What courses do you teach / labs do you lead?
WSE 225 “Building design innovation with wood” introduces students to the fundamentals of building design and the relevant technical requirements, the solutions available and the specific applications, with a focus on wood-based products and other ligno-cellulosic materials. The main goal of this course is to help students develop a multi-disciplinary understanding of design and construction principles that facilitate communication between manufacturers, architects, engineers, and clients.

WSE 425/525 “Timber tectonics in the digital age” is an interdisciplinary, inter-institutional effort in collaboration with University of Oregon Architecture enrolls Architecture, Engineering and Wood Science students. The course is designed to prepare future professionals for integrated design practices in modern wood construction, emphasizing experiential learning and soft skill development. In this course, students engage in hands-on project, engaging with real clients and industry partners throughout the learning process.

The faculty-led study abroad program that I lead, Tradition and Innovation in the Wood Construction Industry: A Journey in the Italian Alps, provides an international perspective on tradition and innovation of forest products application and sustainable practices in the built environment. I’ve designed this program to offer students firsthand experience in the working environments and practices of the host country through job-shadowing opportunities with local companies, encouraging them to reflect on practices in their home countries. In the next iteration of the course, I plan to collaborate with local stakeholders in the US to connect students’ international experiences with tasks related to a real project back home.

Another chance to immerse students in both tradition and innovation within the sector, involving them in a tangible project and providing them opportunities for community engagement, is the course on “Structural Health Assessment and Monitoring of Timber Structures“ that I offer to graduate students. During the class offered last spring, for instance, students actively participated in assessing timber trusses at the Arauco facility in Albany. They offered valuable feedback to the client regarding the structure’s conditions and they identified causes of damage. Additionally, the students had a chance to talk about their project during the historical preservation month.

I teach and co-developed WSE 540 Introduction to Wood Science and Engineering. This is the first hybrid introductory course of the new WSE Graduate Core.

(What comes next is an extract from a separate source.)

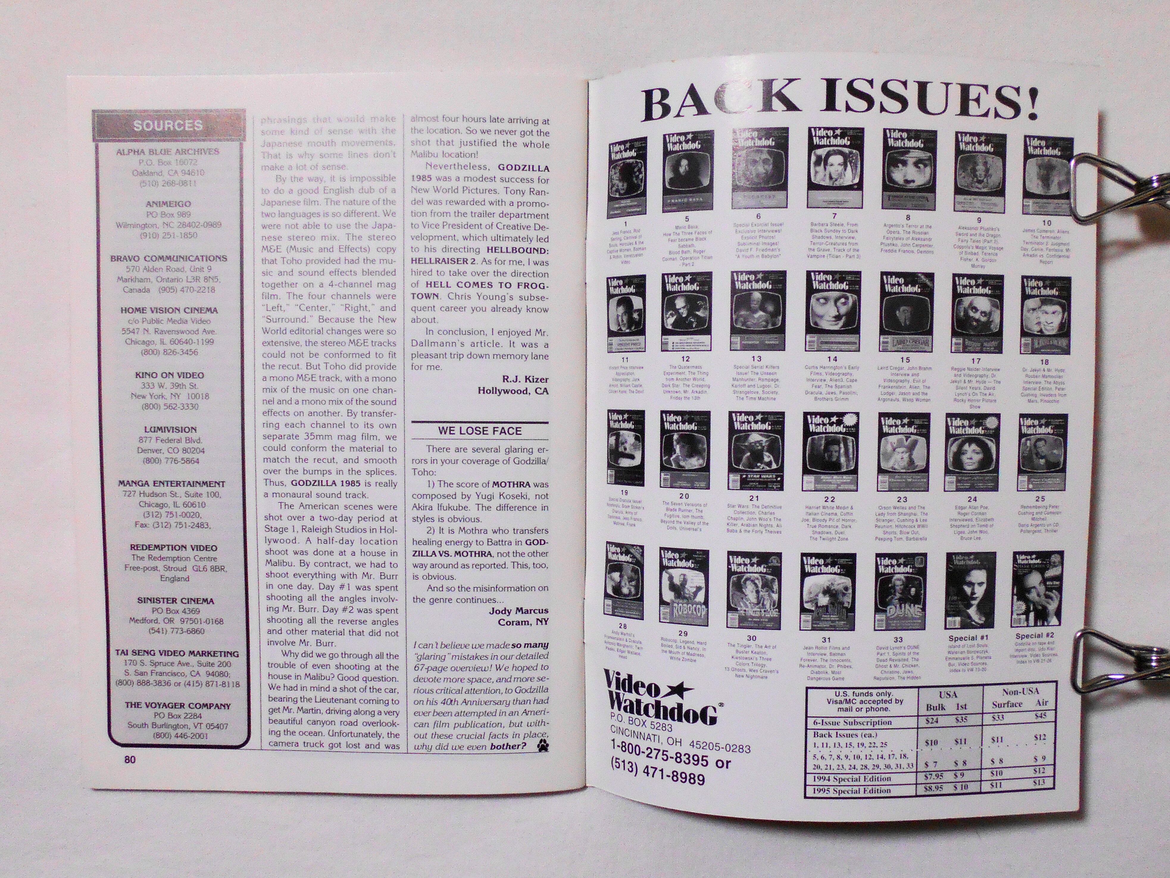 【VIDEO WATCHDOG】 NO.34 1996 - CLIVE BARKER - LORD OF ILLUSIONS - HELLRAISER / DUNE - THE MISSING SCENES etc | LINUS' BLANKET COMIC SHOP

Tell us about a recent/current research project you are working on
With the two wood innovation grants received with my colleague Lech Muszynski, our objective was to leverage underutilized wood species to create CLT panels for an untapped market segment: modular deployable units. These units can serve as temporary and transitional solutions, such as post-disaster scenarios, and are designed to be disassembled and reused in other contexts. This exploration aims to optimize resources during the production stage, extend the service life of applications that are typically short-lived, and reintegrate resources into the loop. It aims to support the resilience of the natural and built environments, promote sustainability in forest management, and foster economic development within communities. Since its initiation in 2017, this research stream has garnered significant attention from both academia and industry. As mass timber products represent just one facet of an integrated approach to create a more resilient and sustainable ecosystem, I am currently working on expanding and enhancing our portfolio of alternative wood-based products and construction systems. This involves exploring alternative ligno-cellulosic sources and a dedicated focus on context-sensitive approaches for material and construction method selection. For example, when addressing shelter and housing needs, I am working on developing partnerships with affected communities to develop culturally appropriate solutions that make the most of locally available resources.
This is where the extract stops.